El Tribunal de casación ha de autocontenerse para no invadir las competencias de los Tribunales de instancia y apelación subvirtiendo el reparto de espacios funcionales trazado por el legislador y atribuyéndose funciones de íntegra valoración probatoria que legalmente no le corresponden. En principio, sentada la suficiencia en abstracto de la prueba y el ajuste a parámetros de lógica de la forma de deducir y razonar del Tribunal de instancia, el debate sobre la credibilidad mayor o menor de unos medios de prueba frente a otros, la interrelación entre todos ellos, el contraste entre la auto proclamada inocencia del acusado y los elementos de prueba testificales o de otro signo que apuntan en dirección contraria, queda agotado tras la revisión en apelación de lo decidido en la instancia. No puede reproducirse en casación sin traicionar los ámbitos funcionales que nuestro legislador procesal delimita entre los Tribunales de instancia y apelación y el de casación.

En aplicación de esa doctrina esta Sala (vid. STS 216/2019, de 24 de abril, por todas) viene proclamando que nuestro control frente a sentencias dictadas en grado de apelación y cuando se invoca la lesión del principio de presunción de inocencia se limita a las siguientes pautas:

(i) Comprobación de que hay prueba de cargo practicada en la instancia (prueba existente).

(ii) Comprobación de que esa prueba de cargo ha sido obtenida y aportada al proceso con las garantías exigidas por la Constitución y las leyes procesales (prueba lícita).

(iii) Comprobación de que esa prueba de cargo, realmente existente y lícita, ha de considerase bastante para justificar la condena (prueba suficiente).

(iv) Comprobación de que tal prueba ha sido razonadamente tenida como de cargo en función del análisis del cuadro probatorio en su conjunto (prueba de cargo razonada).

7.4 En el caso que centra nuestra atención el tribunal de apelación en el fundamento jurídico primero, apartado 2, de su sentencia, se desestimó la pretensión de nulidad argumentando que la prueba pericial es de naturaleza personal y su apreciación corresponde el órgano de enjuiciamiento y que, frente a lo argumentado por la defensa, el informe pericial refirió en sus antecedentes la existencia del trastorno bipolar y no era cierto que el médico forense al ratificar el informe manifestase que este padecimiento era irrelevante, sino que en este caso no influyó en el comportamiento del acusado, porque sus actos fueron incompatibles con una falta de capacidad de comprender y querer. Por lo tanto, el tribunal de segunda instancia ha dado contestación suficiente y razonable a la queja que ahora se reitera, pero abundaremos en otras razones que abocan a la desestimación del motivo.

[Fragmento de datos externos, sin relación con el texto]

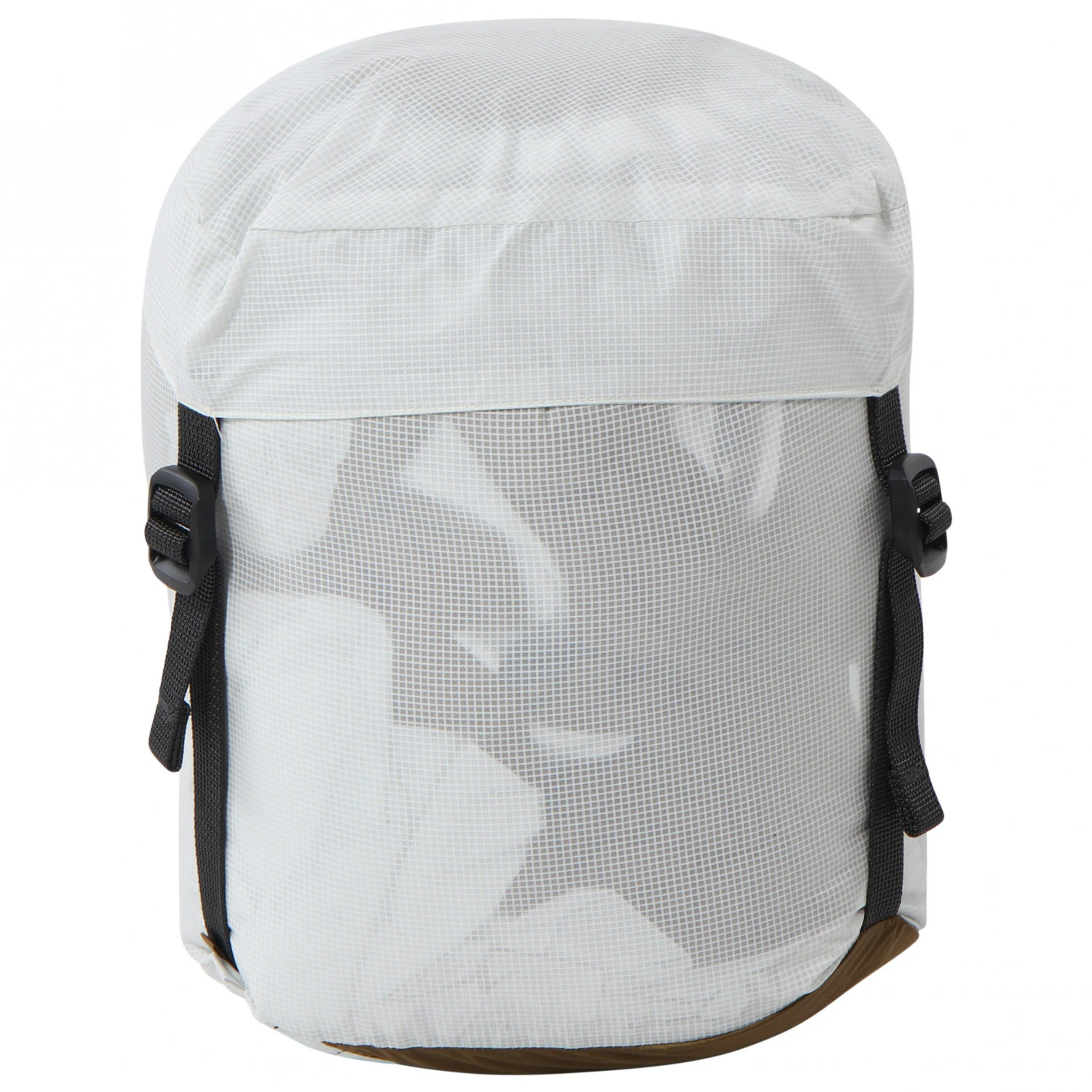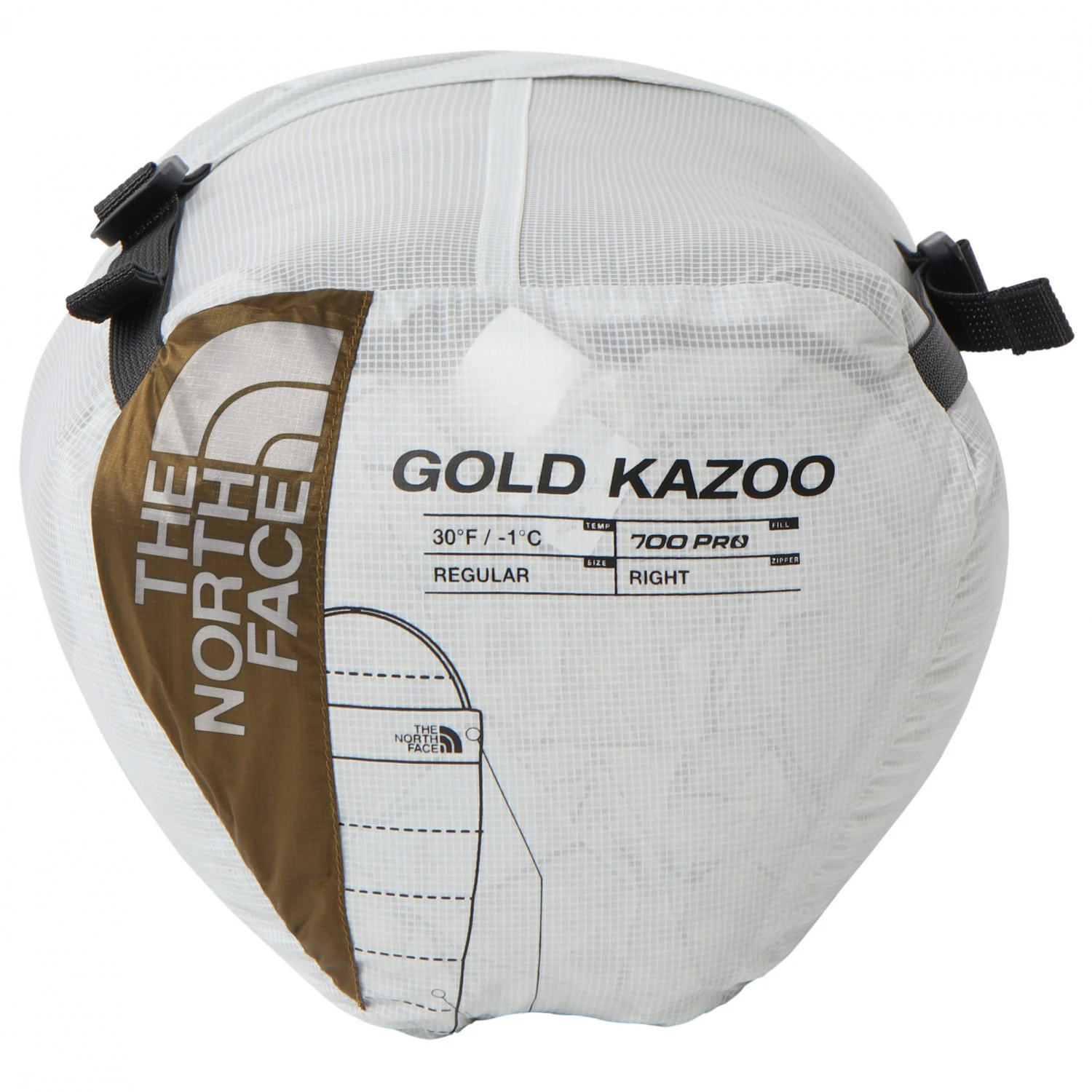 The Gold Kazoo Eco down sleeping bag from The North Face offers warmth, comfort and function in a sustainable way! This durable mummy sleeping bag ensures reliable sleeping comfort on outdoor adventures through excellent material and an intelligent construction. Its shell is made from recycled nylon and features a PFC-free, permanently water-repellent coating. Plus, the puffy and highly compressible 700 down fill also comes from recycled sources. It will retain its comfortable softness and high thermal performance over many seasons.

Según hemos referido anteriormente, para apreciar la circunstancia eximente o atenuante de trastorno mental o drogadicción se precisa, además, de una patología psiquiátrica o un consumo abusivo de alcohol o drogas que por consecuencia de lo anterior se produzca una anulación o limitación severa de alguna de las facultades psíquicas del sujeto, es decir, la cognoscitiva o de conocimiento por el individuo del alcance de la ilicitud de su conducta y la volitiva o de libre voluntad para acomodar su comportamiento a ese previo conocimiento de la ilicitud del acto que llevaba a cabo y una relación de sentido entre la enfermedad y sus consecuencias en lo psíquico con el delito efectivamente ejecutado ( STS 60/2016, de 4 de febrero).

Resulta en ocasiones problemático determinar el estado del sujeto activo cuando realiza la acción punible ya que es ese preciso momento en el que debe existir la afectación de sus facultades psíquicas o no siempre es posible evaluar su estado con la prontitud deseable. Esta Sala ha identificado algunos criterios valorativos como los siguientes: La intensidad de la patología o adición; la proximidad entre el momento ejecutivo y un brote psicótico; el grado de deterioro intelectivo; la clase de delito; la existencia de otros factores asociados que aumenten la intensidad de la patología psíquica y su influencia causal en las facultades intelectivas y volitivas; declaraciones de testigos directos sobre el estado en que se encontraba el sujeto activo en el momento o inmediatamente después del hecho y los informes de asistencia de urgencia ( STS 1192/2011, de 16 de noviembre).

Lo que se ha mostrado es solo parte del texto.